Two Taiwanese financial holding firms yesterday voiced cautious optimism about business in the second half of this year and reported no exposure to troubled Chinese developers Country Garden Holdings Co (碧桂園) and Zhongzhi Enterprise Group (中植企業).
SinoPac Financial Holdings Co (永豐金控) said it has cut exposure in China by 20 percent in the past few years due to escalating downside risks in the market.
“China’s economic slowdown is not new and SinoPac has adopted a conservative approach in doing business there,” SinoPac Financial president Stanley Chu (朱士廷) told an investors’ conference in Taipei.
Photo: Kelson Wang, Taipei Times
Chu’s comments came after the Financial Supervisory Commission said earlier this week that Taiwan has little exposure to debt problems plaguing China’s property sector.

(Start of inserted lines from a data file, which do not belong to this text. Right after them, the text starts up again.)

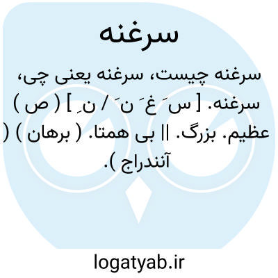 سرغنه. [ س َ غ َ ن َ / ن ِ ] ( ص ) عظیم. بزرگ. || بی همتا. ( برهان ) ( آنندراج ).
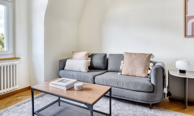 Discover the best of Zurich, with this two-bedroom District 10, Wipkingen apartment with views over the city. It’ll be easy to simply show up and start living in this fashionably Blueground furnished apartment with its fully-equipped kitchen, charming living room, and our dedicated, on-the-ground support. (ID #ZRH33)
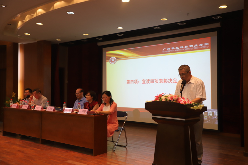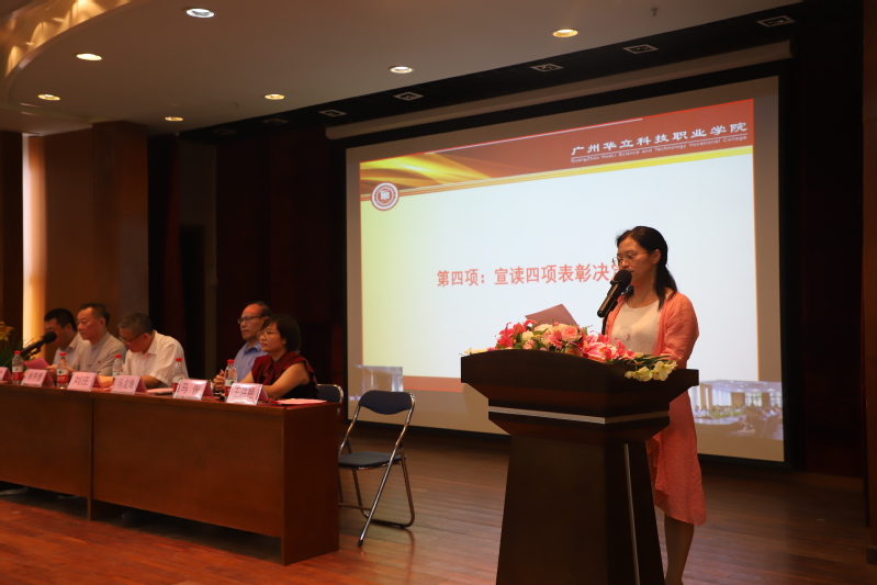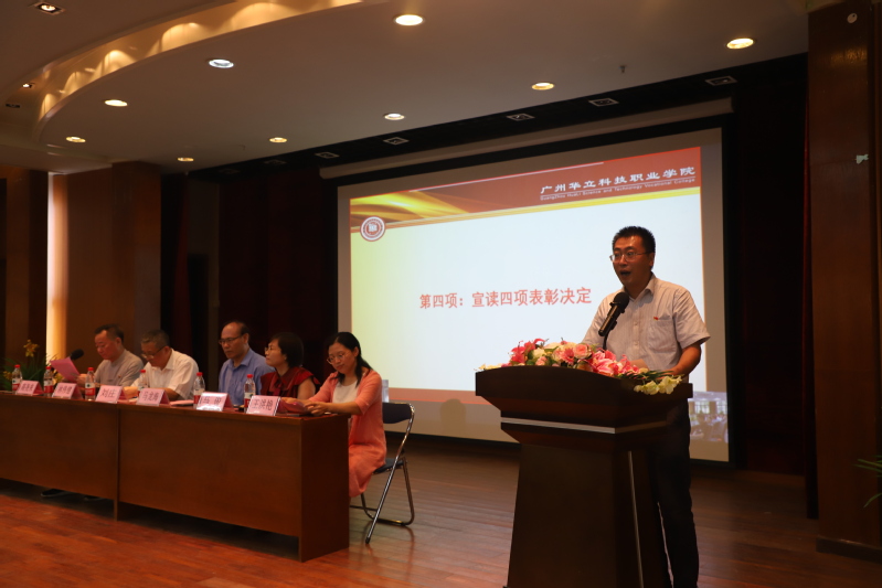 劉莊校長宣讀《廣州華立科技職業(yè)學院關于表彰2020年度校級教學名師的通知》,馬俊副校長宣讀《廣州華立科技職業(yè)學院關于表彰華立園人才強校工程2019-2020學年度優(yōu)秀教師、優(yōu)秀管理者的決定》,高堯來副校長宣讀《廣州華立科技職業(yè)學院關于表彰2019-2020學年度優(yōu)秀輔導員、優(yōu)秀學生工作者的決定》,王洪艷校長助理宣讀《廣州華立科技職業(yè)學院關于表彰2019-2020學年度招生工作先進個人的決定》。
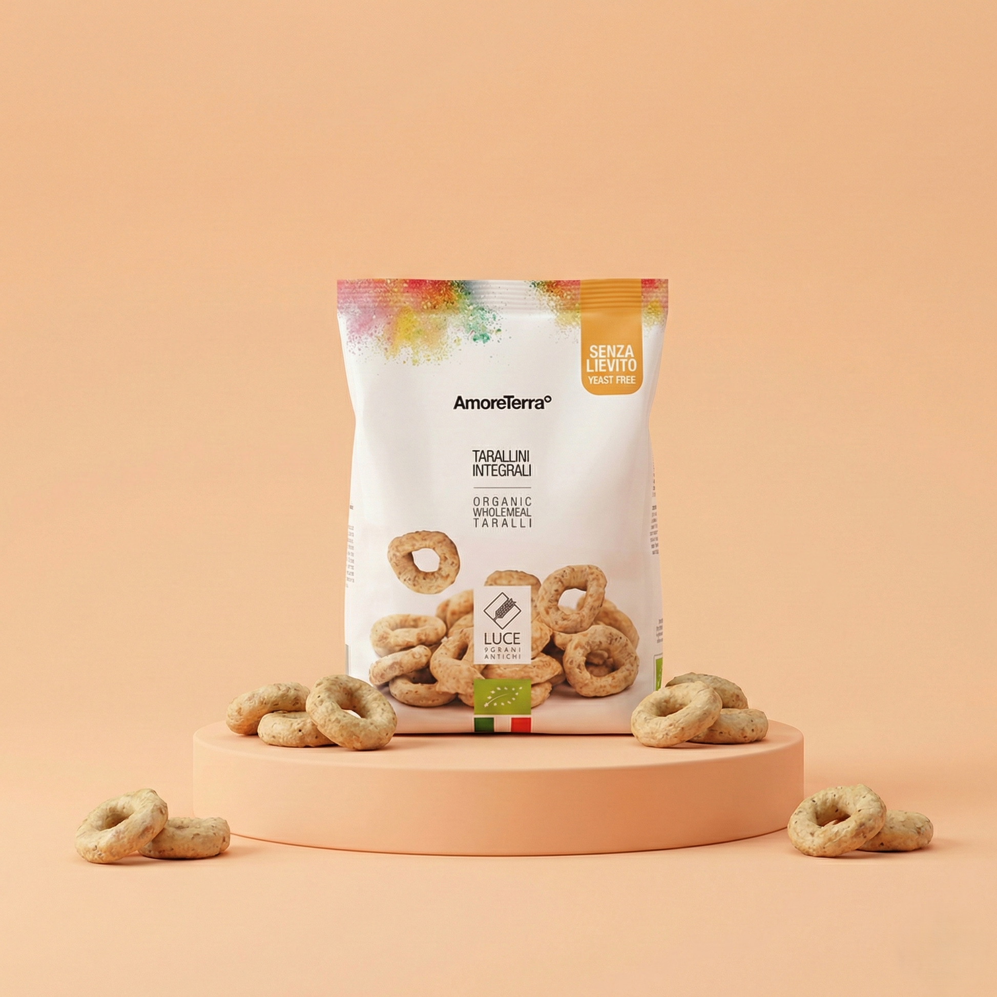 Taralli artigianali realizzati con Farina Luce (Gentil Rosso, Mentana, Verna, Marzuolo, Autonomia, Inallettabile, Terminillo, Risciola e grano del miracolo), farina sviluppata coltivando 9 grani antichi sullo stesso campo.
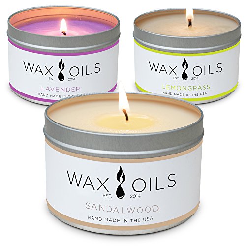Scented Candles - Lavender, Lemongrass & Sandalwood (Pack of 3) Soy Wax Aromatherapy, 8oz
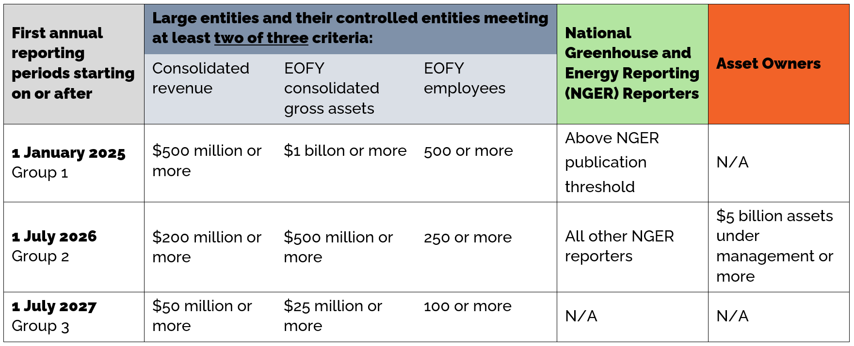 Use the table below to determine when your entity may be required to comply. The regime will apply to an entity for its first financial year commencing on or after the relevant date in the table.
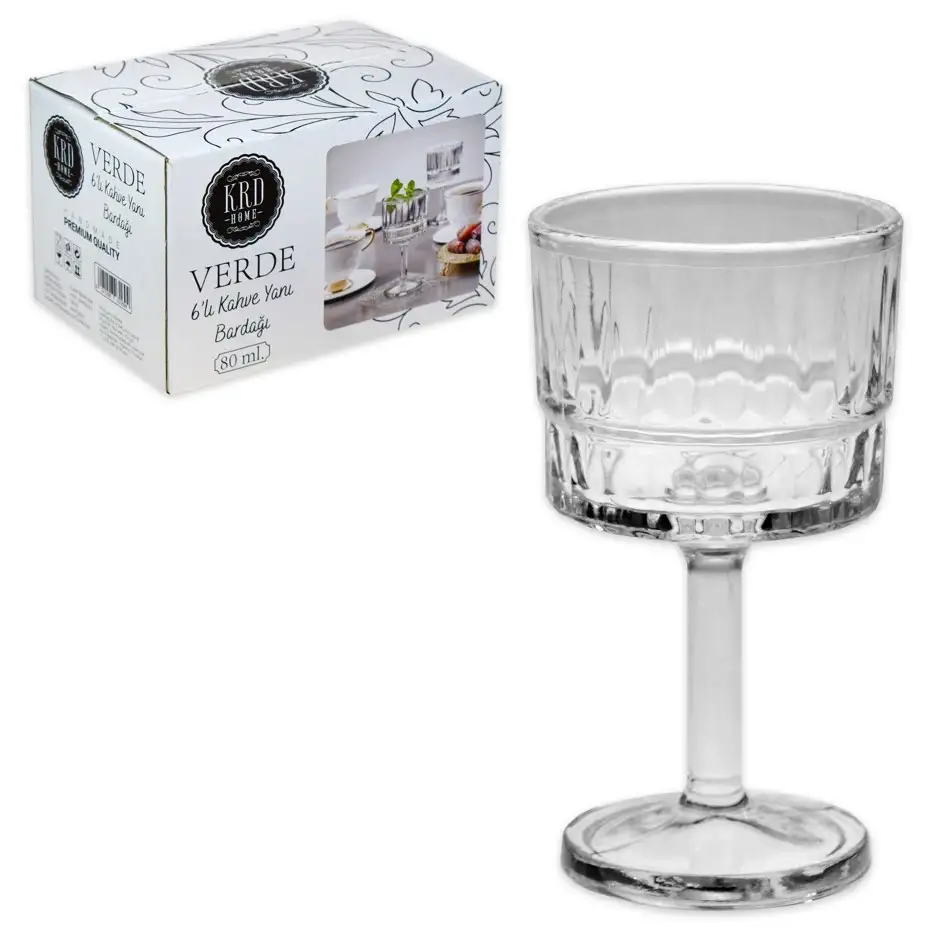 Verde Desen 6'lı Kahve Yanı Ayaklı Su Bardak Şeffaf 80ml

SinoPac monitors its China exposure on a weekly basis and has not made any new investment for years, Chu said.
Rather, the bank-focused group has placed more emphasis on the local market and Southeast Asia, where Taiwanese firms have moved manufacturing facilities to accommodate global supply chain realignments, he said.
Shares of Taiwan’s financial institutions took a hard hit this month, dragged by ongoing global capital flight from the region and China’s corporate debt problems.
Chu said he is guardedly positive about business going forward, after achieving record earnings in the first half of the year.
SinoPac Financial’s net profit expanded 22.4 percent from a year earlier to NT$10.07 billion (US$314.94 million) in the first six months, thanks to strong profit gains at Bank SinoPac (永豐銀行) and SinoPac Securities Co (永豐金證券), the conglomerate said.
That translated into earnings per share (EPS) of NT$0.85, an annual increase of 0.13 percent.
Similarly, state-run Taiwan Cooperative Financial Holding Co (合庫金控) saw its net profit rise 5.03 percent year-on-year to NT$9.82 billion in the first half, or EPS of NT$0.65.
Relatively stable financial markets at home and abroad allowed different subsidiaries to post profits, Taiwan Cooperative Financial president Chen Mei-tsu (陳美足) told an online investors’ conference.
Main subsidiary Taiwan Cooperative Bank (合庫銀行) raked in hefty gains from foreign currency swap arrangements, aided by interest rate differentials between the US and the local market, officials said, adding that the lender would continue such trading in the second half.
Chen said the company has no exposure to Country Garden or Zhongzhi Enterprise and has not sold related investment products to its clients either.
Offshore and overseas operations incurred losses in the second quarter due to higher provision costs in its Phnom Penh offices, snapping the group’s plan to increase profit contributions from overseas operations.